• _DESCRIPTION OF THE TASK_: Find the line below with "HuggingFace上には" and the line with "IF-9031 Sectional Sofa". Output them and the lines between, exactly, but not the pictures.

• _RECORDED DATA_:
[Start of section]

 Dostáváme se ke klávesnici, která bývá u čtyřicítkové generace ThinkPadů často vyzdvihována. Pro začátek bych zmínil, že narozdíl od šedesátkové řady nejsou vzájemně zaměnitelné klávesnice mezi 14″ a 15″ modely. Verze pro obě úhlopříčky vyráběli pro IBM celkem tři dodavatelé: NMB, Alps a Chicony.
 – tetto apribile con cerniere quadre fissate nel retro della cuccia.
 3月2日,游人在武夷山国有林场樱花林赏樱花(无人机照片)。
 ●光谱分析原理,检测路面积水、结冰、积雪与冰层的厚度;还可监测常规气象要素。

[End of section]
[Start of section]

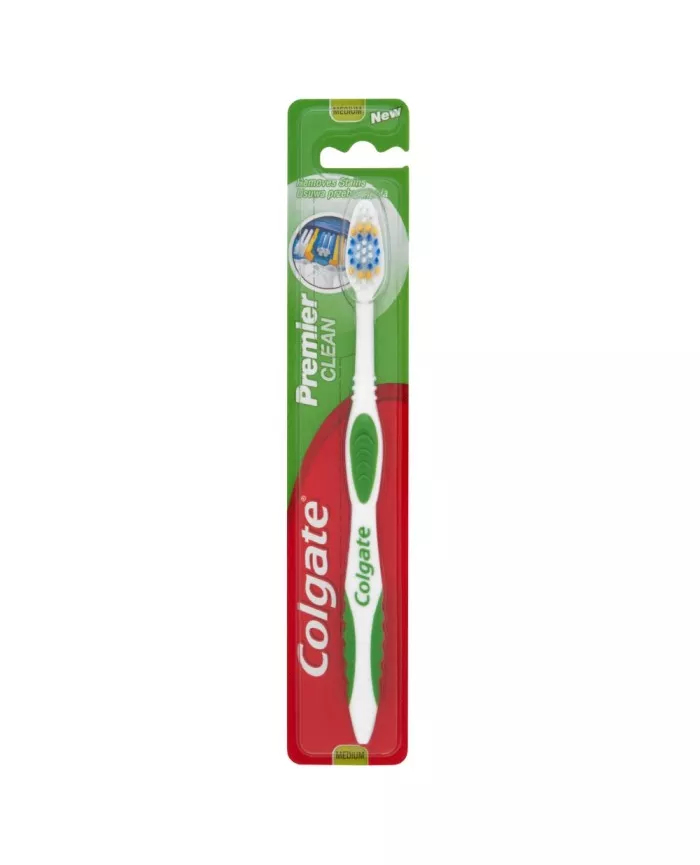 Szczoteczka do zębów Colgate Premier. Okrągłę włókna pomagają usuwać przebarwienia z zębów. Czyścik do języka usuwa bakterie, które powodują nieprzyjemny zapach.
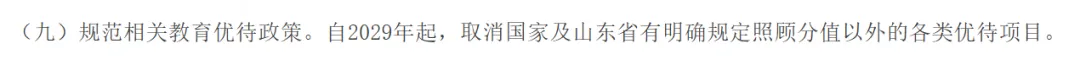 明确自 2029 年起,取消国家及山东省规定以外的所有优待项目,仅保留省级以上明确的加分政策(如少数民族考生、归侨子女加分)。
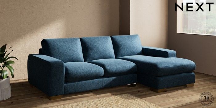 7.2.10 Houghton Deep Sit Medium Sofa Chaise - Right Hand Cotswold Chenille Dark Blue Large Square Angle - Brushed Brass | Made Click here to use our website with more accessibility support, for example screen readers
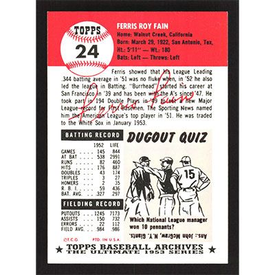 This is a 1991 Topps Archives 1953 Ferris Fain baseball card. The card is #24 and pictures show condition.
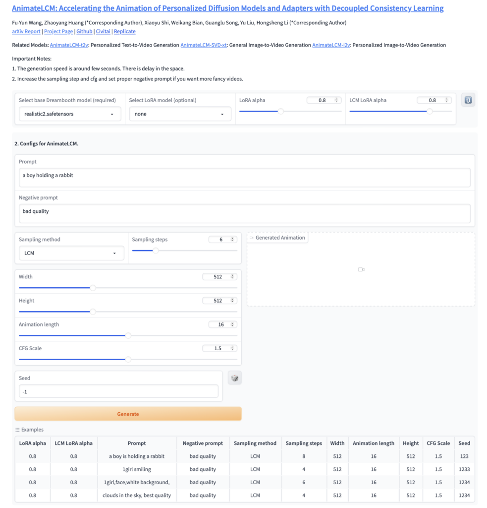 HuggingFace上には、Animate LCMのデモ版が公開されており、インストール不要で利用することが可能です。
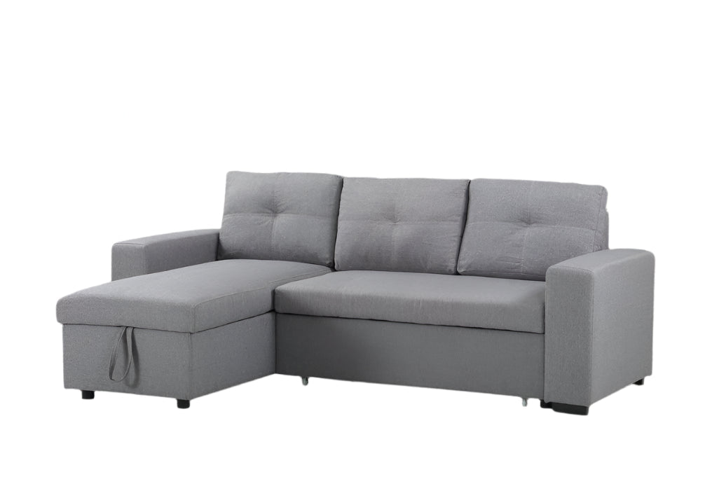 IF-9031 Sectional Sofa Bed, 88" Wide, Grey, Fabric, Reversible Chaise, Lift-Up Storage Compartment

[End of section]
[Start of section]

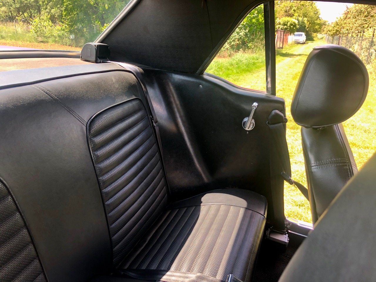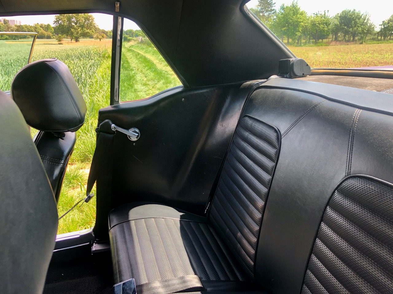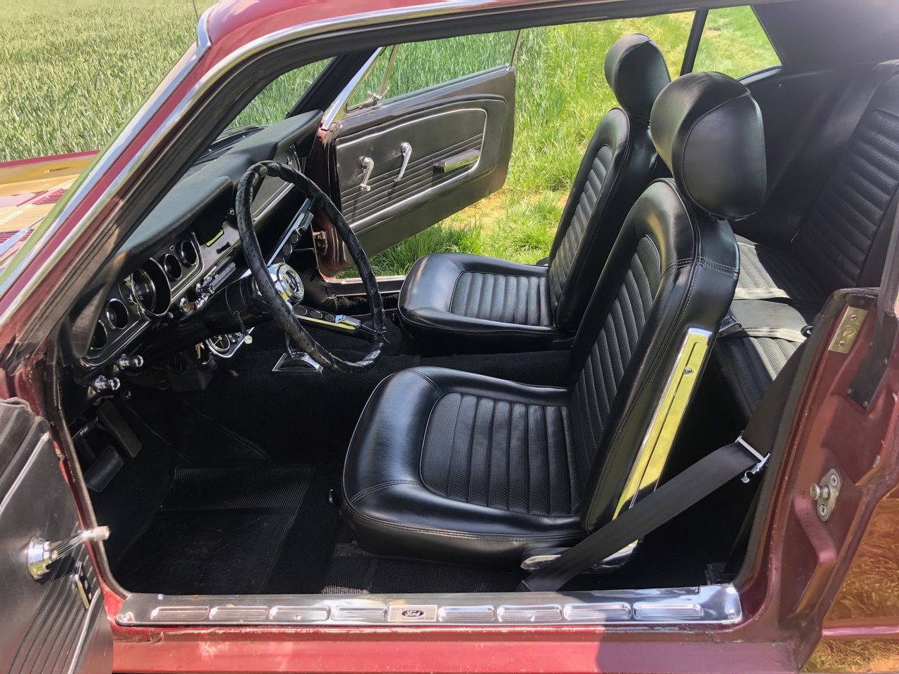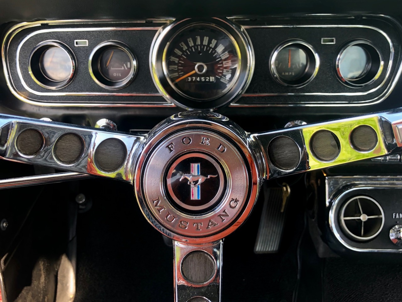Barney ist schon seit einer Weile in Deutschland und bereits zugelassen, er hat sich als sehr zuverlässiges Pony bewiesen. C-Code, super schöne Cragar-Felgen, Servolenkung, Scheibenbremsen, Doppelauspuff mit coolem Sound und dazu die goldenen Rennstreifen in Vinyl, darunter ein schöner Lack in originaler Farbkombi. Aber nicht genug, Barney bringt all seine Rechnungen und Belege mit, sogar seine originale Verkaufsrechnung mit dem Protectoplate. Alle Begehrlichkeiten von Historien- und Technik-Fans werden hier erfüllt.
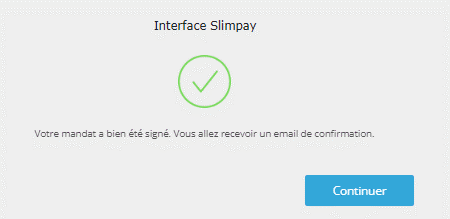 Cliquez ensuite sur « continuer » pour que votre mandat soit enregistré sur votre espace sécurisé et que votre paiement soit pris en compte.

[End of section]

• _FINISHED EXERCISE_:
 HuggingFace上には、Animate LCMのデモ版が公開されており、インストール不要で利用することが可能です。
 IF-9031 Sectional Sofa Bed, 88" Wide, Grey, Fabric, Reversible Chaise, Lift-Up Storage Compartment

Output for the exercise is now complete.